## [Brief]
Only the lines from the one containing "bracelet pour charm argent feuille argent or" through the end of the data are wanted, reproduced exactly and without pictures.
[[ Given data open ]]
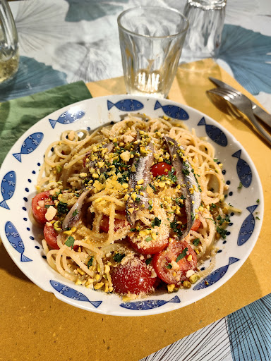 Read moreIn cerca di un ristorante dove mangiare qualcosa di tipico mi imbatto in questo. Locale piccolo e semplice, con uno stile rustico molto carino. Consigliato assolutamente prenotare in anticipo perché i posti sono pochi. Comunque menù molto particolare e fortunatamente non uno di quei ristoranti con centinaia di piatti ma fatti male. Prezzi nella norma considerando che sei a pochi passi dalla spiaggia. Il personale è molto gentile e disponibile, sempre sorridente e vivace, ti lasciano proprio una bella impressione. Ma passiamo al punto più interessante, i piatti, ho provato le acciughe marinate e il loro famoso spaghetto, che dire se non wow, veramente buoni e porzioni abbondanti. Insomma, se siete di passaggio non fatevi sfuggire questa piccola perla, non ve...
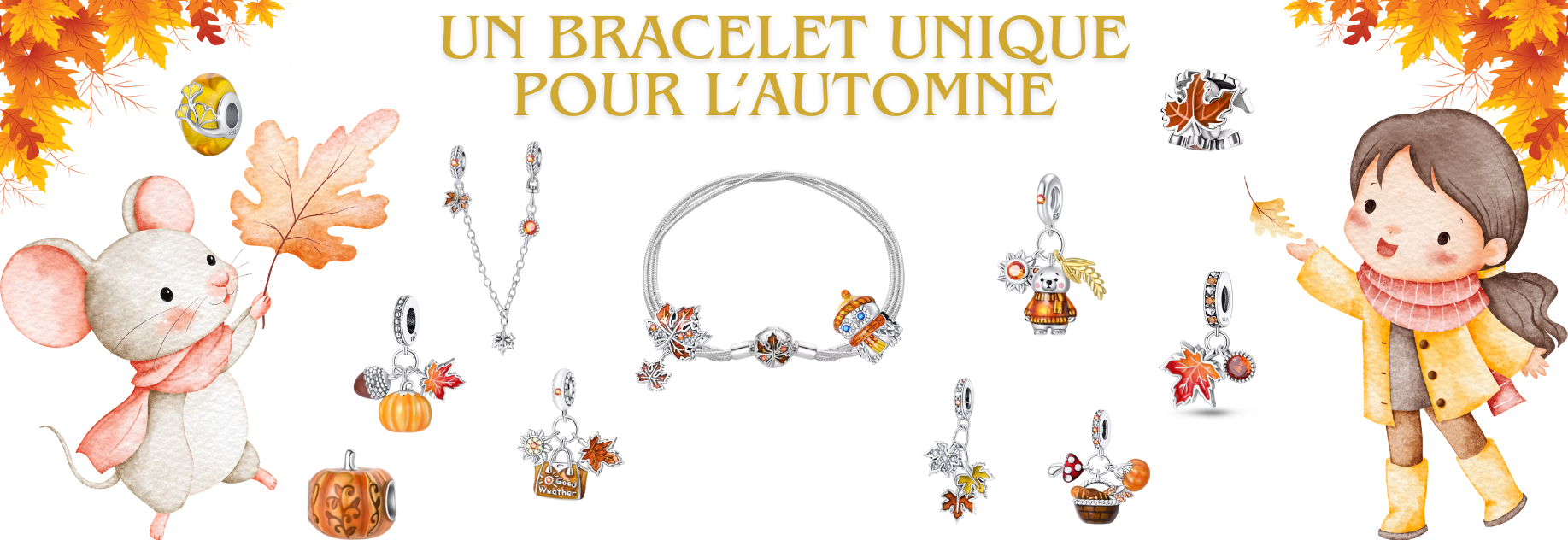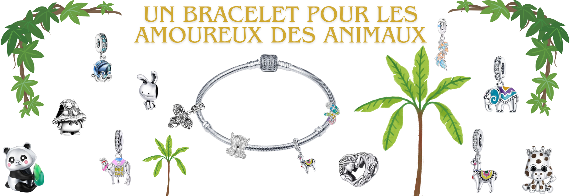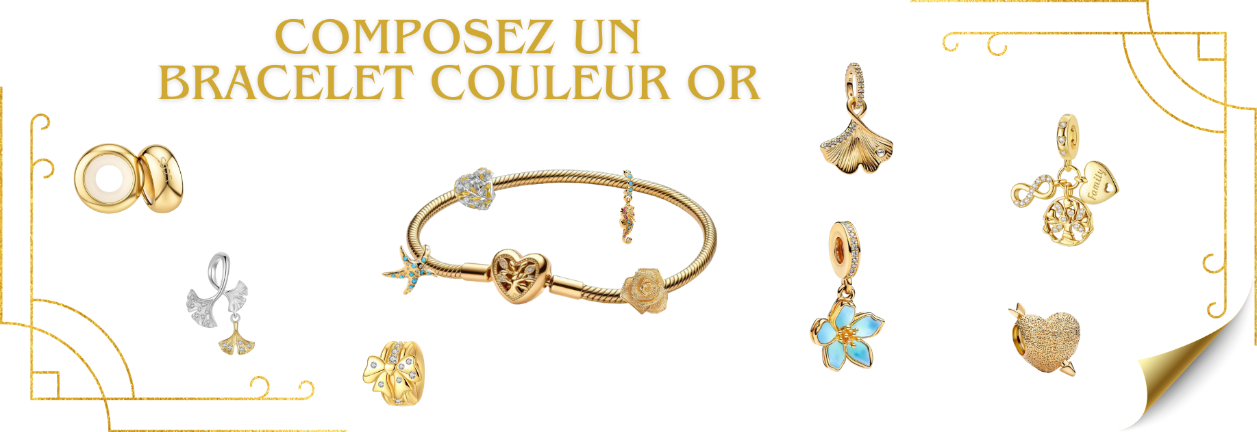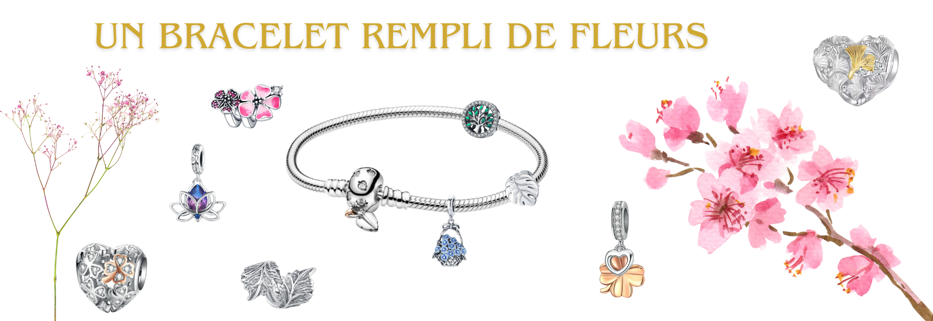 bracelet pour charm argent feuille argent or
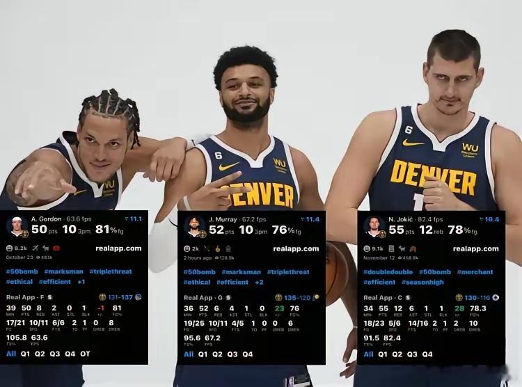 联盟最恐怖进攻大队?穆雷11中10砍52分,掘金3人50+扎堆,他们的50+表现谁最惊艳?1、约基奇:55分2025年11月13日,掘金客场130-116击败快船的比赛里,约基奇出战33分钟,23中18,其中三分6中5,罚球16中14,拿到55分12篮板6助攻1抢断1盖帽,正负值+282、穆雷:52分2025年12月4日,掘金客场135-120轻取步行者,穆雷出战36分钟,25中19,其中三分11中10,罚球5中4,拿到52分6篮板4助攻1抢断,正负值+233、戈登:50分2025年10月24日,掘金客场加时131-137不敌勇士,戈登出战38分钟,21中17,其中三分11中10,罚球6中6,拿到50分8篮板2助攻1盖帽,正负值-2三人三种风格,一个靠精准封神,一个靠全能霸榜,一个靠暴力碾压,每一场50+都看得人热血沸腾!你们觉得掘金这三人的50+表现,谁最让你印象深刻呢?nba穆雷爆砍52分
[[ Given data closed ]]
## [Answer space]
 bracelet pour charm argent feuille argent or
 联盟最恐怖进攻大队?穆雷11中10砍52分,掘金3人50+扎堆,他们的50+表现谁最惊艳?1、约基奇:55分2025年11月13日,掘金客场130-116击败快船的比赛里,约基奇出战33分钟,23中18,其中三分6中5,罚球16中14,拿到55分12篮板6助攻1抢断1盖帽,正负值+282、穆雷:52分2025年12月4日,掘金客场135-120轻取步行者,穆雷出战36分钟,25中19,其中三分11中10,罚球5中4,拿到52分6篮板4助攻1抢断,正负值+233、戈登:50分2025年10月24日,掘金客场加时131-137不敌勇士,戈登出战38分钟,21中17,其中三分11中10,罚球6中6,拿到50分8篮板2助攻1盖帽,正负值-2三人三种风格,一个靠精准封神,一个靠全能霸榜,一个靠暴力碾压,每一场50+都看得人热血沸腾!你们觉得掘金这三人的50+表现,谁最让你印象深刻呢?nba穆雷爆砍52分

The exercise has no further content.